In 579, the newly ascended shahanshah Hormizd IV sent Mahbod to interrogate and dismiss the Byzantine emissaries Zacharias and Theodorus from the Iranian court. In the spring of 586, Mahbod was a provincial governor, perhaps of a frontier province. He was sent to negotiate with the Byzantine commander Philippicus at Amida. Negotiations, however, broke down after Mahbod's demand for gold in exchange for peace was rejected. Not long after, an Iranian force—led by Kardarigan, Aphraates and Mahbod—suffered a heavy defeat against the Byzantines at the Battle of Solachon.

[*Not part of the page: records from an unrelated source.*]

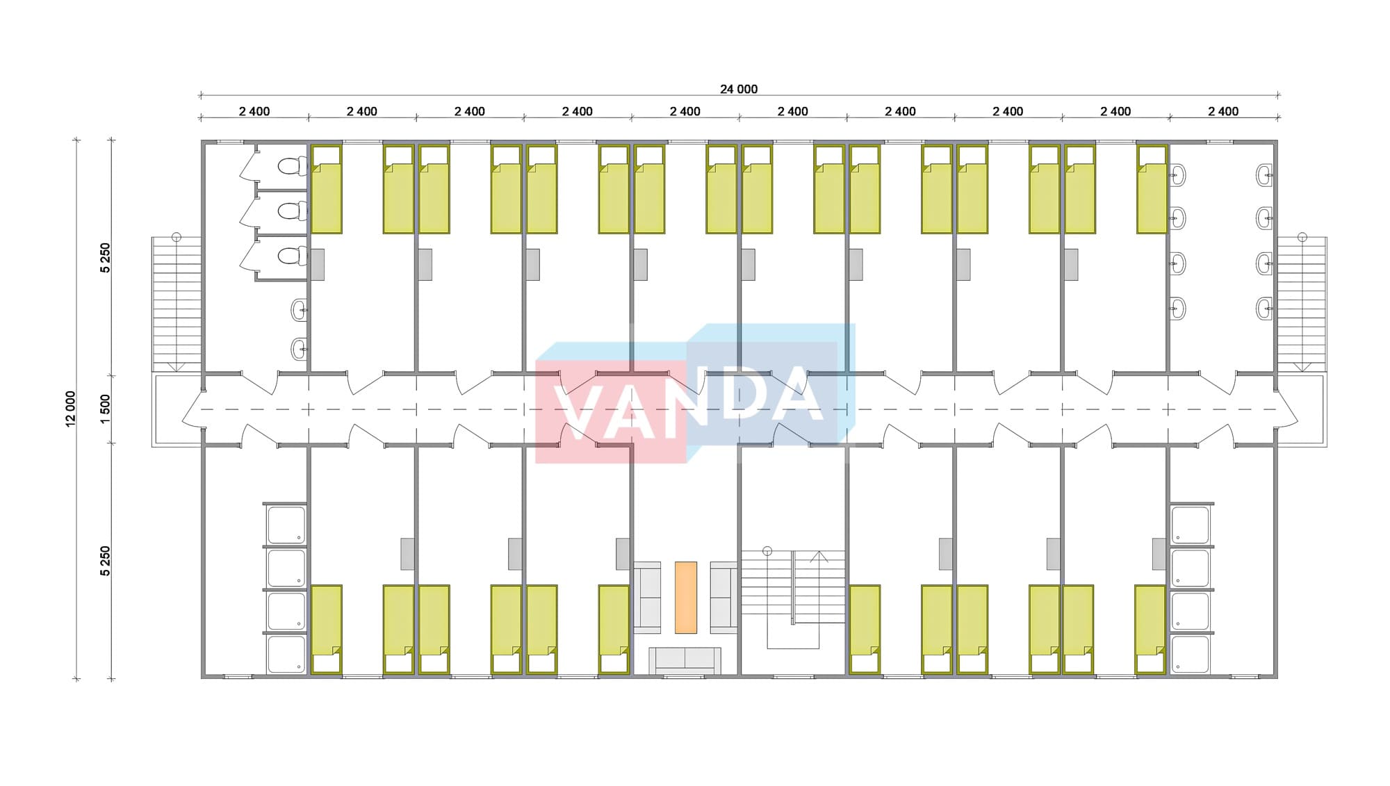 Проект общежития из блок контейнеров 12x24 Панели OSB
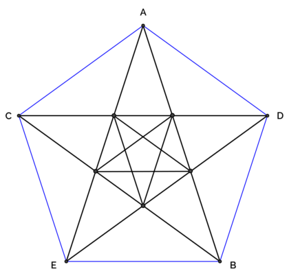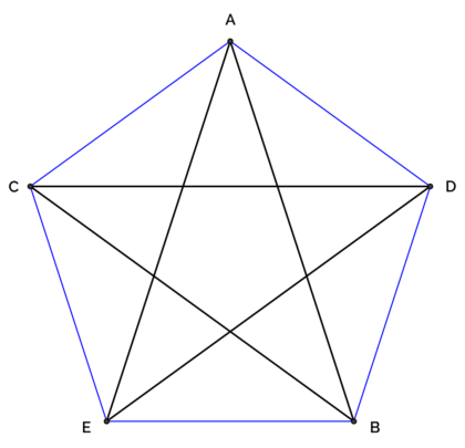 Se colleghiamo i vertici di un pentagono (poligono regolare con 5 lati e 5 angoli uguali) tracciando le cinque diagonali otteniamo un pentagono stellato (chiamato anche pentagramma, pentacolo o stella a cinque punte). Le diagonali a loro volta formano al centro un altro pentagono regolare di dimensioni più piccole e con la punta rivolta verso il basso. Lo stesso criterio può essere ripetuto seguendo lo stesso identico procedimento all’interno di questo ultimo pentagono, generando un ulteriore pentagramma e un ulteriore pentagono, con la punta che si alterna verso l’alto e verso il basso, e così va avanti all’infinito.
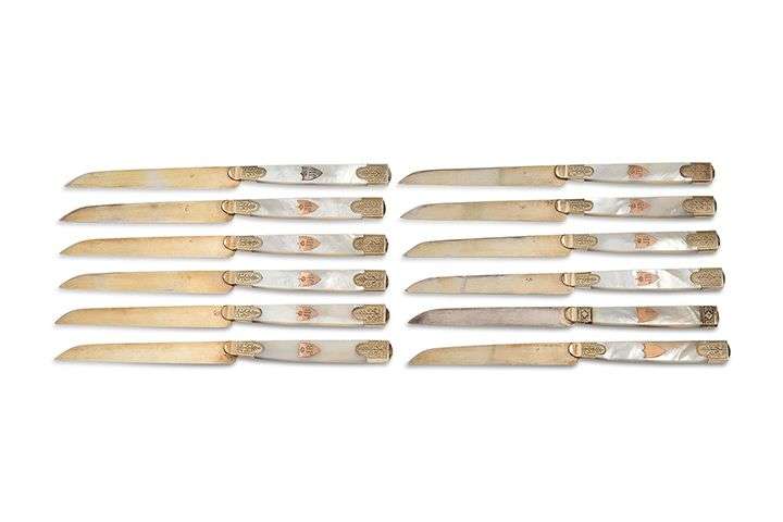 Suite de douze couteaux ‡ fruits en vermeil ciselÈ de palmettes et manche en nacre
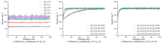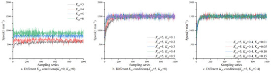 The step response curve of PID algorithm parameter tuning is shown in Figure 7 and Figure 8. Figure 7a shows that the steady-state error decreases with the increase in Kp. When the motor reaches a steady state, its speed value is always less than the target speed. A Kp that is too large will increase the overshoot and steady-state error of the system. When Kp1 = 5, the steady-state characteristics were better. The integral link was added to eliminate the steady-state error. Figure 7b shows that the integral effect increases with the increase in Ki1. When Kp1 = 5 and Ki1 = 0.4, the system response was faster, and the overshoot was minor. To further speed up the adjustment speed and increase the differential link, it can be seen from Figure 7c that Kd should not be too large under the target speed condition. When Kd1 = 0.1, the dynamic characteristics of the rising stage were better, and the overshoot was more minor. Similarly, when the PID parameters of the seeding motor were Kp2 = 2.0, Ki2 = 0.1, and Kd2 = 0.05, the system had better steady-state characteristics, faster response, minor overshoot, and better dynamic characteristics, which meets the requirements of precise simultaneous seeding of seed and fertilizer. The step response results are shown in Table 2.

In the spring/summer of 589, Hormizd IV sent Mahbod to attack Philippicus, who was outside Martyropolis. Another force under Aphraates was also dispatched, due to Mahbod's forces proving insufficient. Although the Iranians won the battle, Mahbod was killed by a Byzantine projectile.

== Sources ==
- Bonner, Michael (2020). "The Last Empire of Iran"
- "The Roman Eastern Frontier and the Persian Wars (Part II, 363–630 AD)" (2002)
- Warren, Soward. "Theophylact Simocatta and the Persians"
- "The History of Theophylact Simocatta" (1986)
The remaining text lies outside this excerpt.